Stored entries:
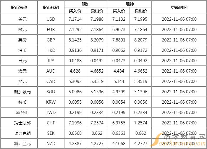 兴业银行外汇牌价表11月6日 兴业银行人民币汇率多少?下面同南方财富网李才君来看看。
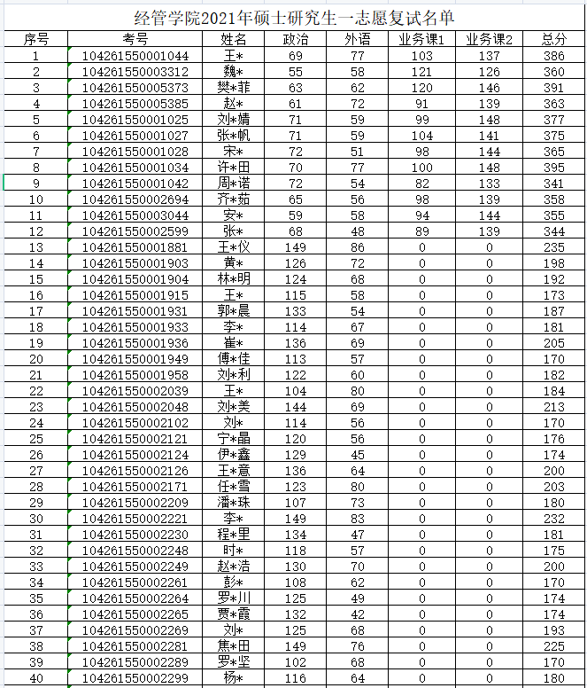 【公示】熊猫体育2021年硕士研究生一志愿复试名单公示
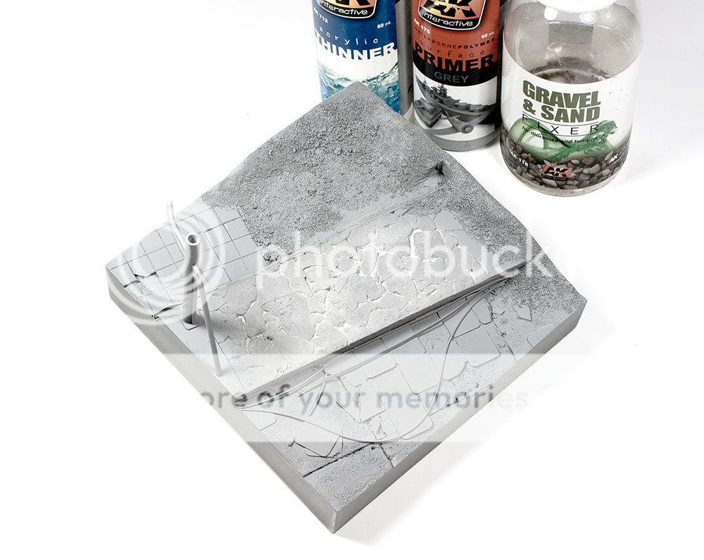 I always prime these effects to see where I need to add or subtract texture, here with AK grey primer and their acrylic thinner.
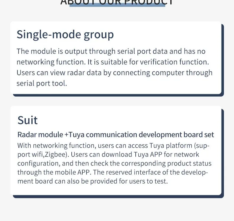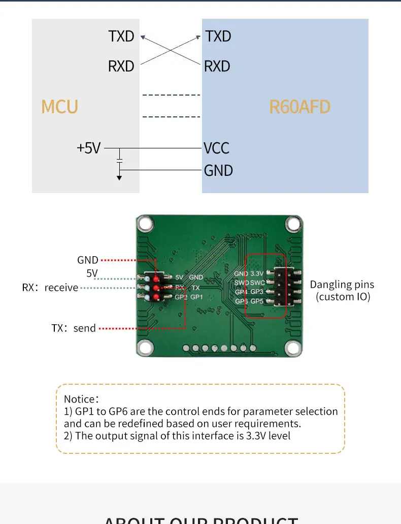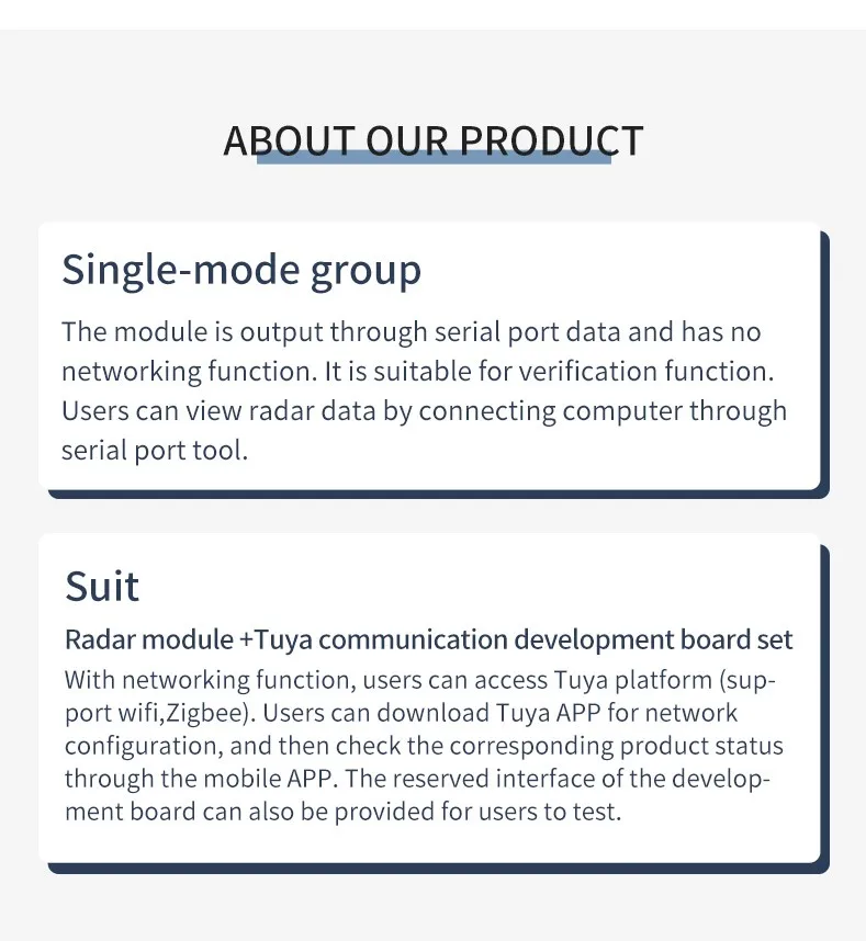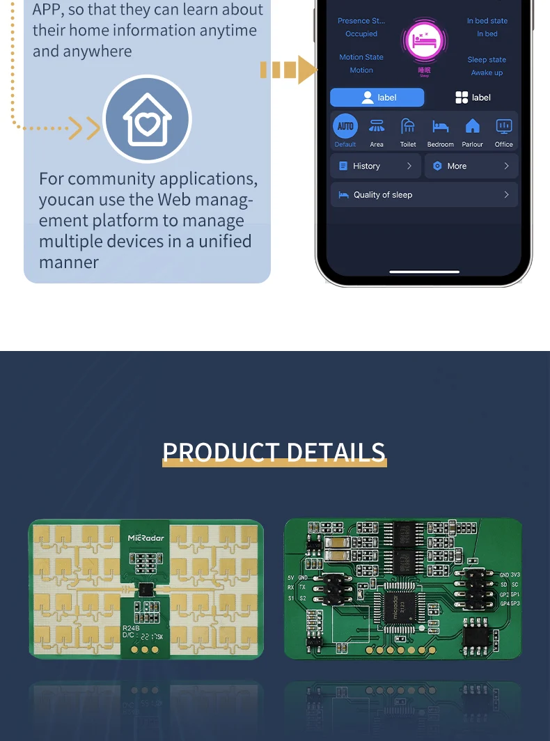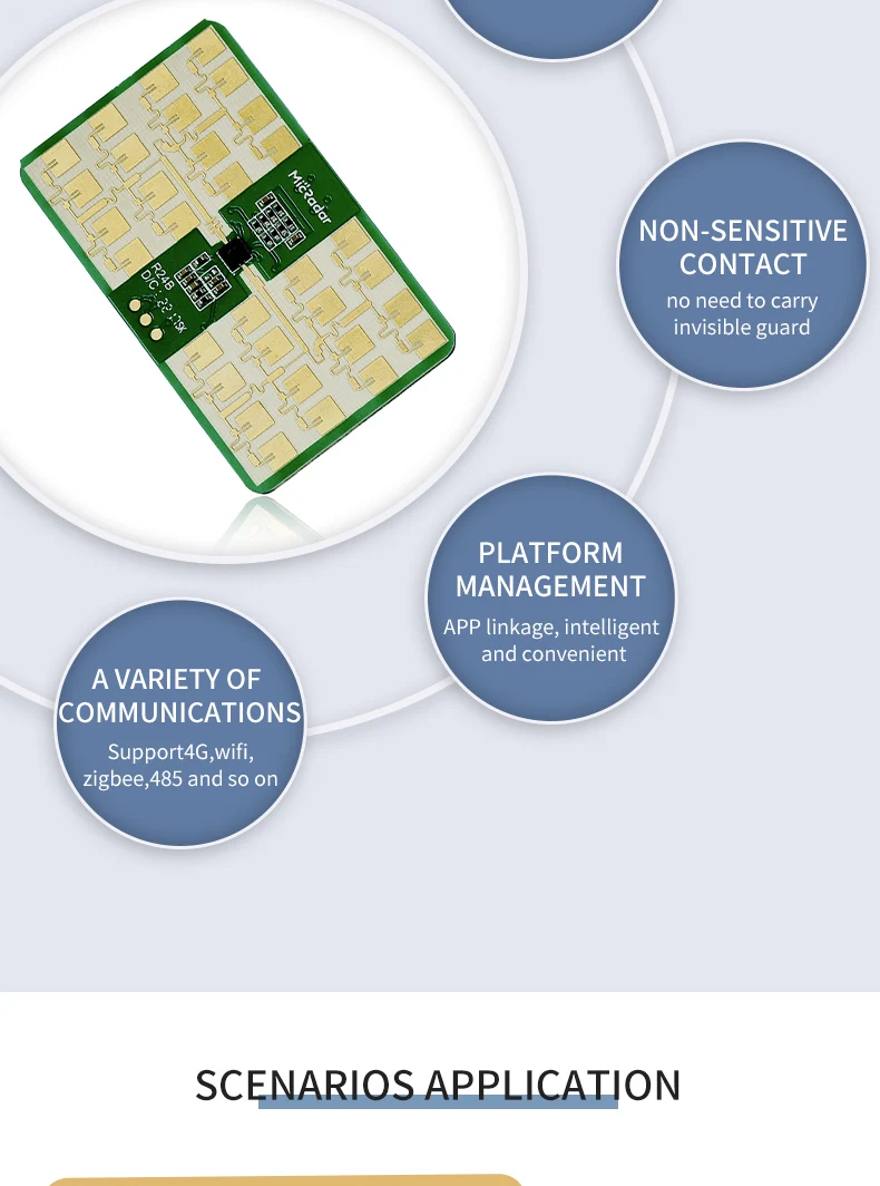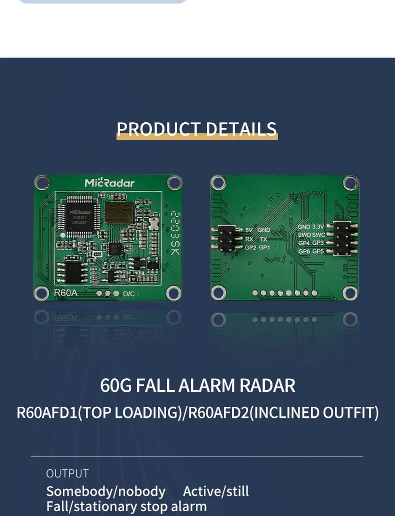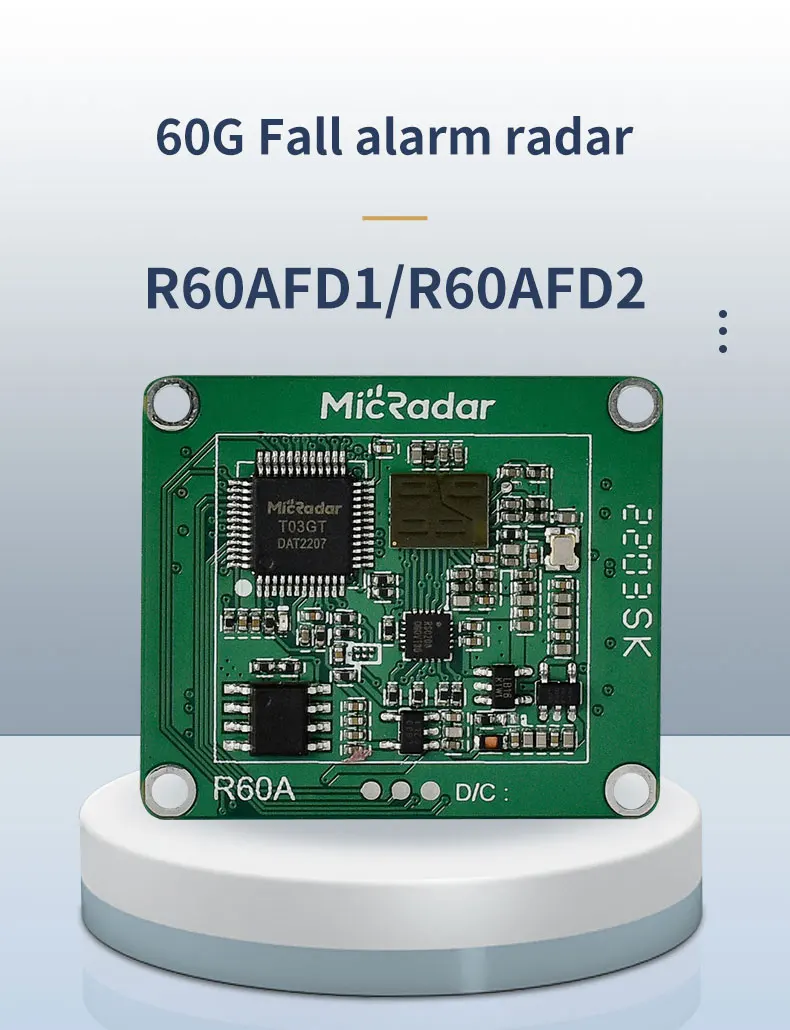 El módulo de radar R60ATR2 es una tecnología de radar de onda milimétrica de 60G, a través de la recopilación de información de dirección humana, distancia y salida en tiempo real de información de azimut humano.Y tenga una sensación precisa de criaturas estacionarias y en movimiento.
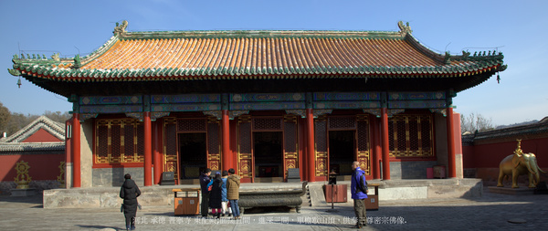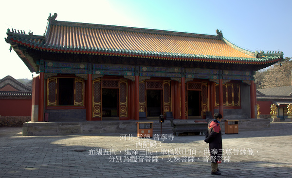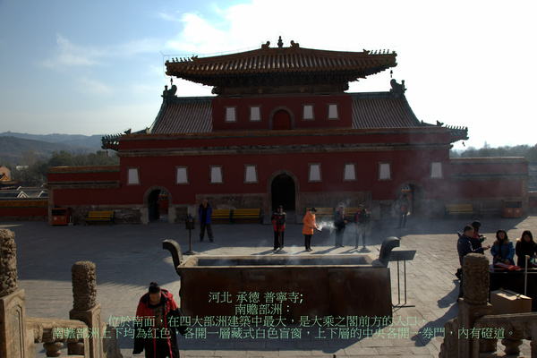 魚貫出站,普通的像台北舊站,站前廣場10公尺寬縱深30’40公尺,車站路上人車洶湧,顯單向3線道不足了.都市化的過程似乎對人潮’交通流量預測總是不足,普寧寺在舊市區北側,往北離開車站街,沿武烈河東岸,一下開闊’開朗了.觀光淡季不塞不擠,河邊有漢’唐色調’外型的獨棟2樓別墅,承德人稱頂級住宅,遑讓北台.4個鐘點要逛普寧寺’普陀宗乘之廟’須彌福壽之廟’避暑山莊.旅遊書真小看了承德,避暑山莊愜意瀏覽2天不嫌多.開始執行不可能計畫.
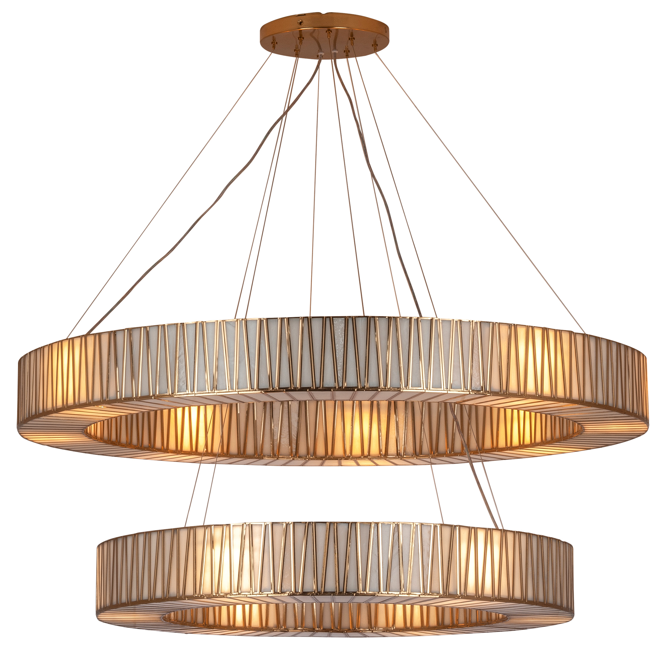 Допускается отличие страны-изготовителя, указанной в характеристиках. Линии производства могут находиться в нескольких государствах. Это не влияет на качество изготовления товара: все заводы данного бренда работают по общим стандартам, а готовые изделия проходят соответствующий контроль.Россия ЦветЦвет арматуры Белый, Состаренная латунь Цвет Латунь Материал арматуры Стекло, Латунь, Металл РазмерыВысота (мм) 640 Диаметр (мм) 1200 Ширина (мм) 1200 ЭлектрикаКоличество ламп (шт) 14*40W / Е27 Цоколь E27 Тип лампы Светодиодная, Накаливания, Энергосберегающая (КЛЛ) Мощность лампы (Вт) 40 Дополнительная информацияВес (Кг) 27,8 Тип подвеса На тросах -
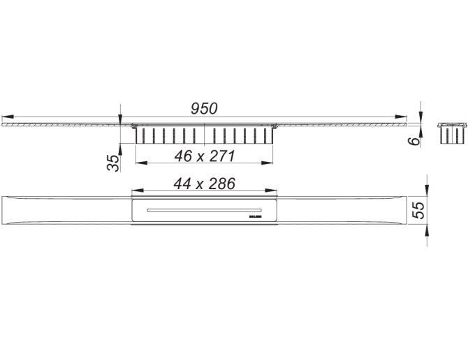 beschichtet messing matt, 6 x 55 x 950
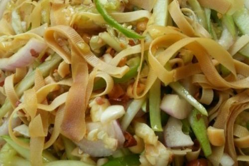 豆腐皮一张 黄瓜一根 洋葱半个 尖椒或彩椒适量夏日凉拌菜的辅料:
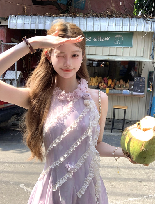 Purple long halter neck dress summer French retro slim fit temperament skirt R4623
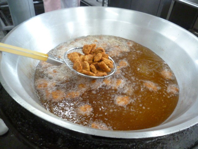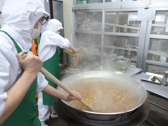 小学校の給食は大きな釜で作ります。
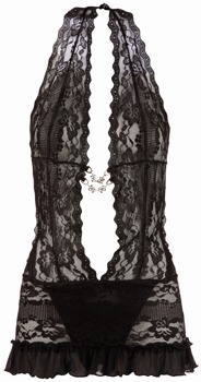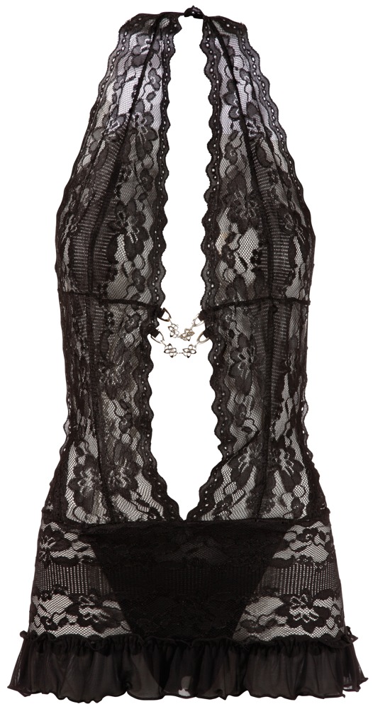 Delicate dress made out of floral lace. With a halterneck and very low-cut neckline that is only held together by 2 decorative chains. The dress is completely backless. Includes a sewn-on crotchless string. Lace subject to change.
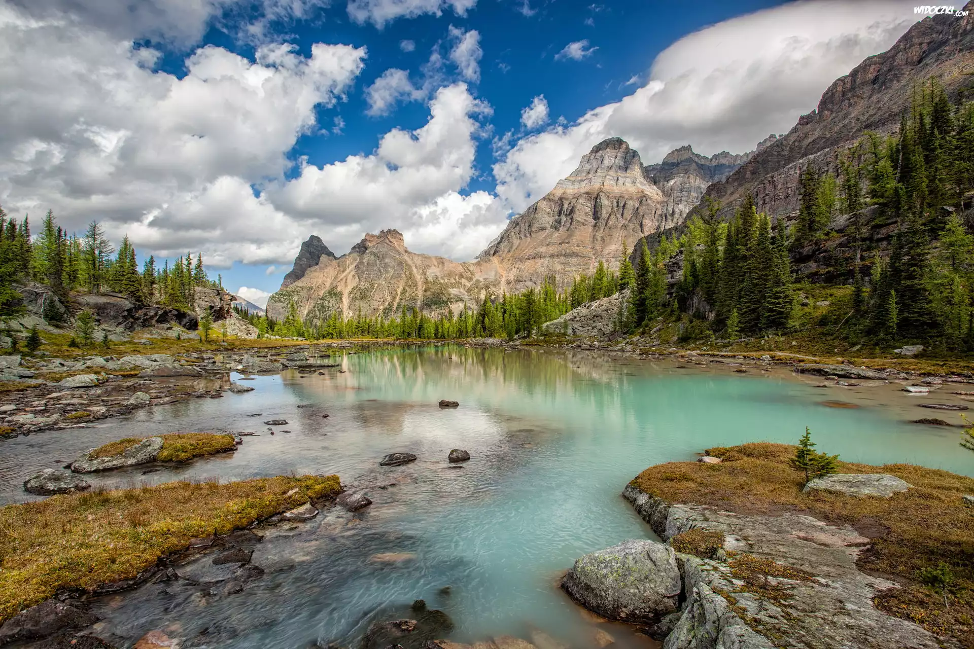 Góry, Góra Odaray Mountain, Jezioro OHara, Płaskowyż Opabin, Park Narodowy Yoho, Drzewa, Chmury, Prowincja Kolumbia Brytyjska, Kanada |

▶ EXERCISE GOAL
Make an exact copy of the lines above, beginning with the line with "El módulo de" and ending with the line with "Delicate dress made", and keep the pictures out of it.

▶ EXERCISE SOLUTION
 El módulo de radar R60ATR2 es una tecnología de radar de onda milimétrica de 60G, a través de la recopilación de información de dirección humana, distancia y salida en tiempo real de información de azimut humano.Y tenga una sensación precisa de criaturas estacionarias y en movimiento.
 魚貫出站,普通的像台北舊站,站前廣場10公尺寬縱深30’40公尺,車站路上人車洶湧,顯單向3線道不足了.都市化的過程似乎對人潮’交通流量預測總是不足,普寧寺在舊市區北側,往北離開車站街,沿武烈河東岸,一下開闊’開朗了.觀光淡季不塞不擠,河邊有漢’唐色調’外型的獨棟2樓別墅,承德人稱頂級住宅,遑讓北台.4個鐘點要逛普寧寺’普陀宗乘之廟’須彌福壽之廟’避暑山莊.旅遊書真小看了承德,避暑山莊愜意瀏覽2天不嫌多.開始執行不可能計畫.
 Допускается отличие страны-изготовителя, указанной в характеристиках. Линии производства могут находиться в нескольких государствах. Это не влияет на качество изготовления товара: все заводы данного бренда работают по общим стандартам, а готовые изделия проходят соответствующий контроль.Россия ЦветЦвет арматуры Белый, Состаренная латунь Цвет Латунь Материал арматуры Стекло, Латунь, Металл РазмерыВысота (мм) 640 Диаметр (мм) 1200 Ширина (мм) 1200 ЭлектрикаКоличество ламп (шт) 14*40W / Е27 Цоколь E27 Тип лампы Светодиодная, Накаливания, Энергосберегающая (КЛЛ) Мощность лампы (Вт) 40 Дополнительная информацияВес (Кг) 27,8 Тип подвеса На тросах -
 beschichtet messing matt, 6 x 55 x 950
 豆腐皮一张 黄瓜一根 洋葱半个 尖椒或彩椒适量夏日凉拌菜的辅料:
 Purple long halter neck dress summer French retro slim fit temperament skirt R4623
 小学校の給食は大きな釜で作ります。
 Delicate dress made out of floral lace. With a halterneck and very low-cut neckline that is only held together by 2 decorative chains. The dress is completely backless. Includes a sewn-on crotchless string. Lace subject to change.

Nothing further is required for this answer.